Receiverships date back to old English Chancery Courts and were a way to resolve a situation where a property or estate was out of control.  A common occurrence would be a king dying without an heir.  If that occurred, all the king’s subjects would wonder who is going to manage the farmers, the knights, the treasury and so on.  To answer these questions, the English Chancery Court would appoint a receiver to temporary control the castle until a permanent plan was formed. Ancient Petitions of the Chancery and the Exchequer at Page 51.  This is still the practice today, a receiver can be appointed over a business, a property, or an estate to take temporary control of a problem asset until a permanent plan is in place, or the asset is sold. (Misita v. Distillers Corp. (1942) 54 Cal. App. 2d 244, 252.)

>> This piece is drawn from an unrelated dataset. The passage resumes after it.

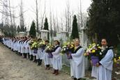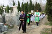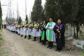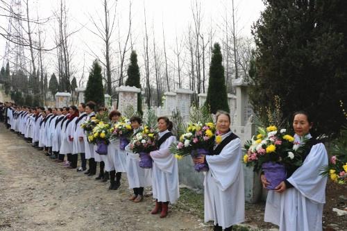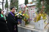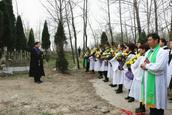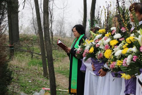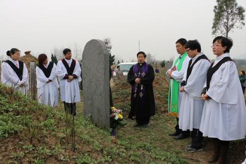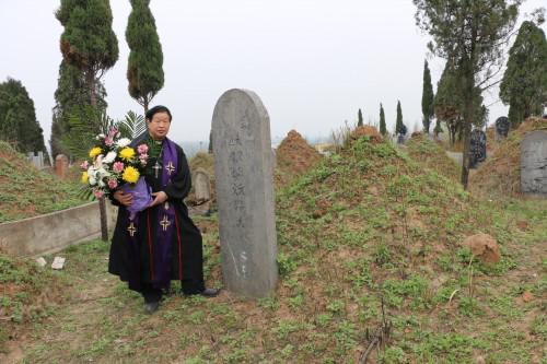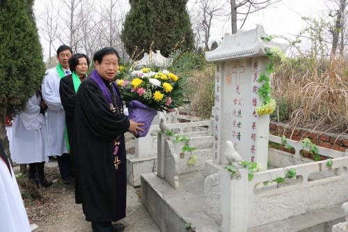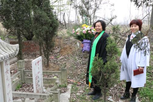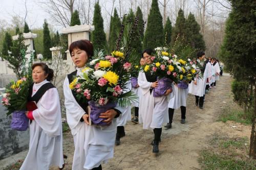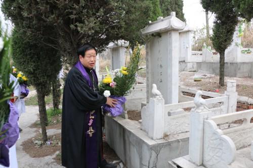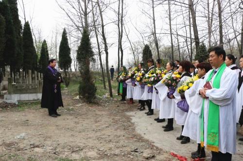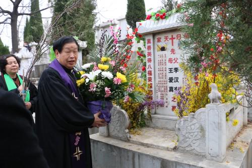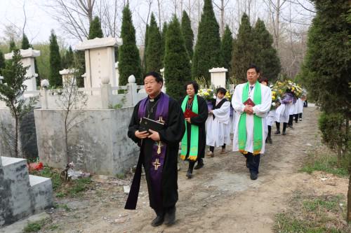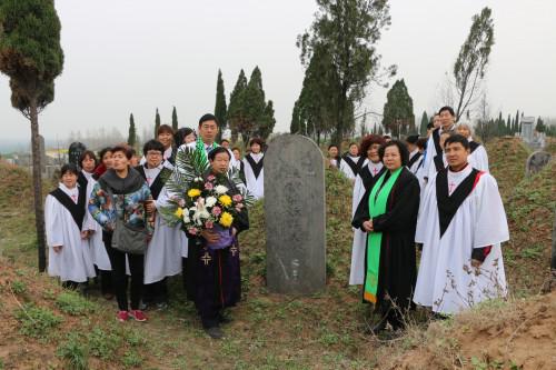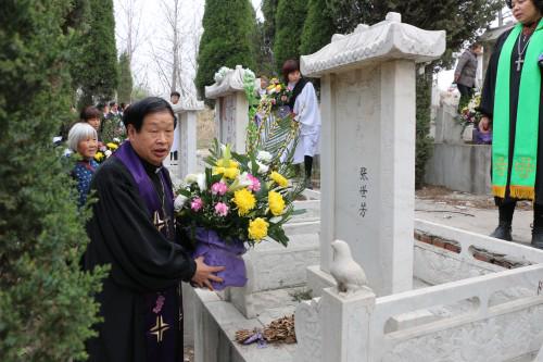 2016年3月23日上午,河南省基督教两会副会长、驻马店市驿城区基督教两会主席会长白建德牧师带领教牧同工和圣诗班的弟兄姊妹一行80多人,来到驻马店市香山葡萄架教会公墓为安息主怀的焦世清长老、范家富长老、王爱真长老、苏天兴执事及200多位息劳归主的弟兄姊妹复活节扫墓,并举行追思记念。

It is worth noting that a receiver is an agent of the court and is a fiduciary to all parties with an interest in the property.  (California Rule of Court 3.1179; see also Shannon v. Superior Court (1990) 217 Cal. App. 3d 986, 992.) Therefore, a business is often wise to appoint a receiver if it is facing a financial hardship.  This is because a receiver can resolve disputes between parties that it cannot resolve or handle itself.  Once a receiver is appointed, they are cloaked with tremendous power, but to be appointed a receiver must prove their expertise and develop a plan that the court approves.  Therefore, a receiver is often an expert that comes in temporarily under court supervision and fixes difficult problems that a company is facing.

As it relates to cannabis, receivers have recently been appointed to resolve business disputes for cannabis companies.  (In re Cwnevda LLC, (2019) 602 B.R. 717, 726.)  Furthermore, a Colorado court even authorized a receiver to obtain state cannabis licenses for an unlicensed cannabis company. (Yates v. Hartman, 2018 COA 31 (Colo. App. 2018).  These cases show the numerous ways receiver can be utilized to help a cannabis company, which is locked out of bankruptcy court, financially rehabilitate.

However, while receivership is an ancient remedy, its utilization to financially rehabilitate state legal, but federally illegal cannabis businesses is a new innovation.  With that being said, the most recent receivership development in California law was that of the Health and Safety Receivership, which cities and counties utilize to abate nuisance properties.  (California Health and Safety Code 17980.6 & 17980.7.)   The Health and Safety Receivership remedy has been a tremendous success that cities and counties use throughout the State.  See Daily Journal Article on H & S Receivership from April 1, 2020. 

Based on the success of the Health and Safety Receivership remedy and other receiverships throughout the country, the application of receiverships to the cannabis industry is likely to be another resounding success.  Therefore, until the federal law is resolved, receivership is an excellent alternative for cannabis businesses facing financial difficulty that cannot seek bankruptcy protection.